Criticism and alternative proposals focus on the idea that a museum project of this magnitude must be treated with great attention to context and that the choice of location has a decisive influence on the perception and effectiveness of the operation itself.
As far as the content of the project is concerned, there was some debate as to what was the best approach. Initially, there was talk of a museum dedicated to fascism or fascist Italy, but more recently the project has taken the form of an exhibition dealing with 'totalitarian Italy', a period that includes not only fascism, but also a broader reflection on totalitarianism and its effects on Italian society.
The debate also raised a comparison with international examples, in particular with the German case. Supporters of the project evoked examples such as Munich as a model of a place of memory, transformed into a centre for study and education. In contrast, critics referred to the Berlin experience, suggesting that museums dedicated to totalitarian regimes should be conceived with a sober, bottom-up approach, avoiding the addition of excessive celebratory or iconographic elements.
The project for a museum of fascism in Predappio continues to provoke heated debate on how and where to deal with the memory of such a controversial period of Italian history. While some proposals point to a sober and critical approach, others fear that the choice of Predappio and the traditional approach of the museum may reproduce a distorted or celebratory version of fascism.
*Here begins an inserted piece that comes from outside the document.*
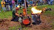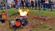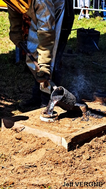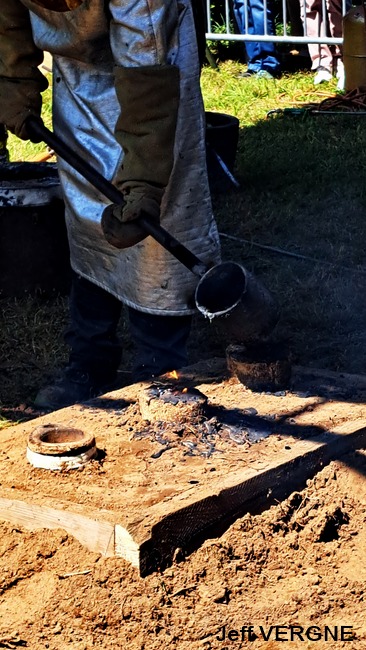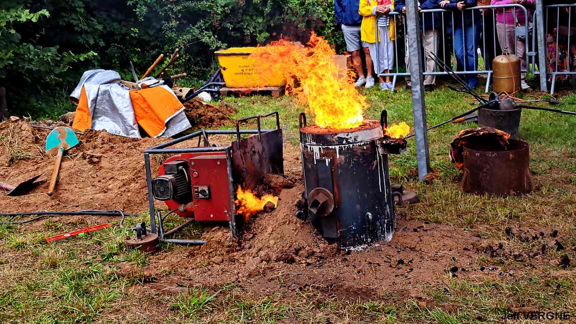 Le métal, chauffé entre de 1.100-1.200°, est transféré dans les moules à l’aide de louches ; une opération plus complexe mais également plus spectaculaire qu’un versement direct du creuset aux moules. Pour agrémenter le spectacle, l’attention et la tension, un four a décidé de faire des caprices, refuse de passer la barre des 1.000° C. Professionnels, les fondeurs en avait un de rechange, et l’on prestement remplacé.
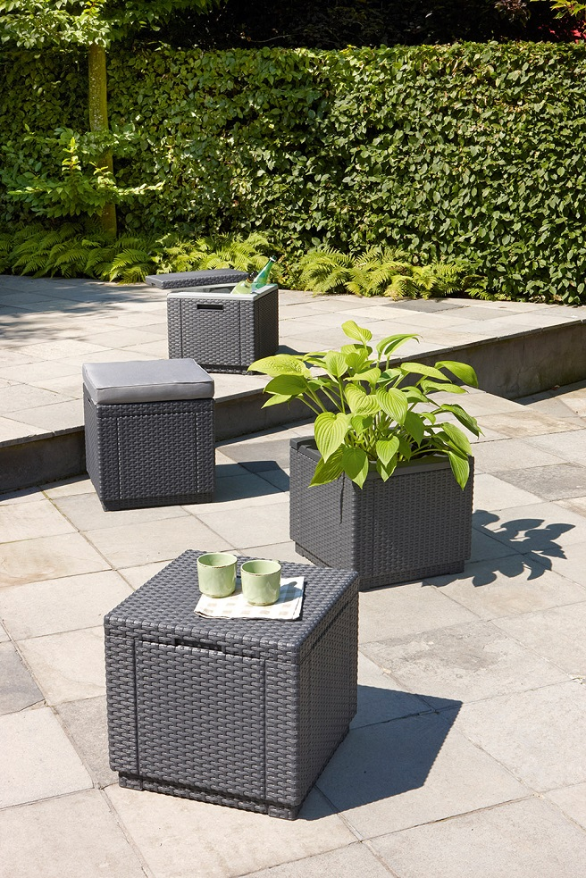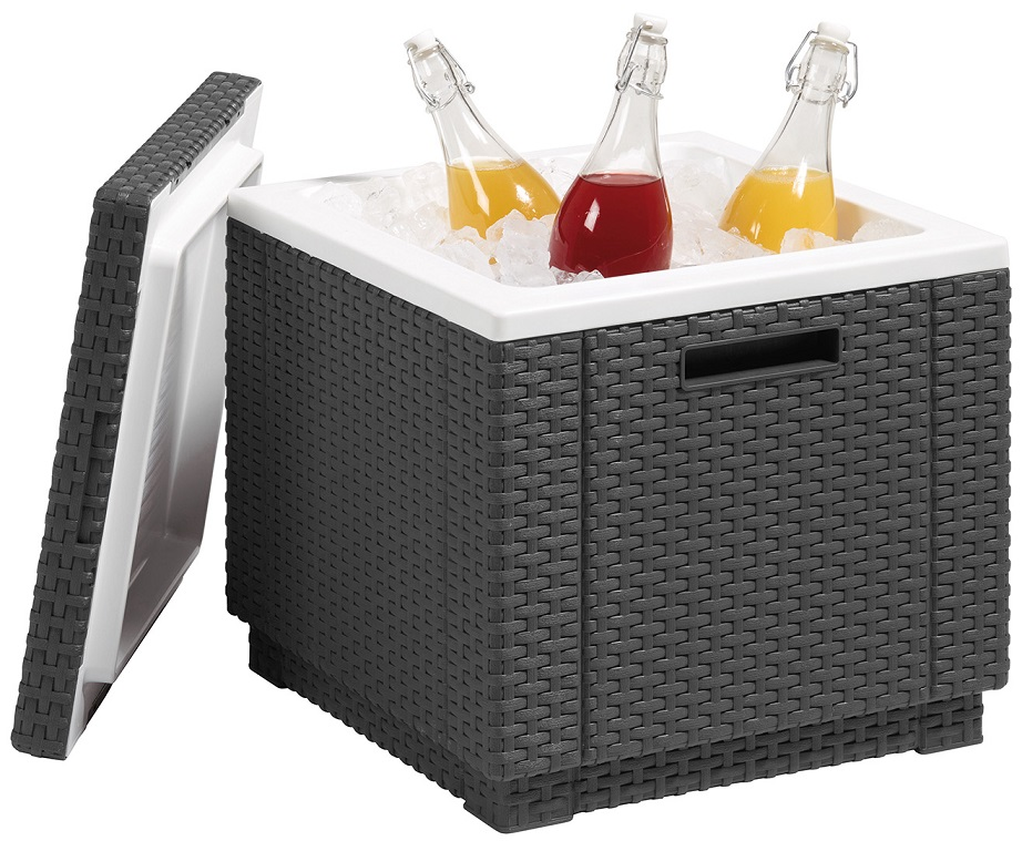 Praktiškas ir originalus sprendimas – tai galima pasakyti apie šį Allibert gėrimų šaldytuvą Ice Cube 213828. Šį šaldytuvą galėsite naudoti ir kaip žurnalinį staliuką ar kėdutę kojoms. Gražus pintas dizainas puikiai derės prie įvairių lauko baldo komplektų. Patogios rankenėles padės lengvai pernešti šaldytuvą. Iškyla parke? Diena paplūdimyje? Vakarėlis terasoje ar balkone? Viskas išliks vėsiu ir skaniu šiame patogiame Ice Cube šaldytuve. Ice Cube gali būti naudojamas ir kaip papildoma sėdima vieta. Spalva: grafito Matmenys: 42 x 42 x 41 cm (ilgis x plotis x aukštis) Talpa: 40 l Medžiaga: plastikas (pinto baldo imitacija) Atsparus oro sąlygoms Patogus nešti

The uncertainty over the content and form of the museum suggests that an ongoing dialogue between historians, citizens and institutions is necessary to avoid the project turning into a ritualisation of memory rather than an opportunity for critical reflection.
The representation of Fascism and Italy's colonial past, as highlighted in the current debate, clashes with different narratives and responses, which oscillate between minimisation, justification and denial of historical crimes, and the need for an in-depth critical analysis. The rhetoric proposed by some periodicals, particularly those linked to the right, appears as a trivialising and reductive representation of fascist violence, aimed at shifting the focus from the political to the humanising side of Mussolini. In this context, rhetorical tools such as silence on Italian crimes, marking the suffering suffered by Italians and ad personam attacks on political opponents are used. The result is an image of fascism that ends up diverting attention away from its political and historical dimensions, focusing instead on elements of victimisation and martyrdom.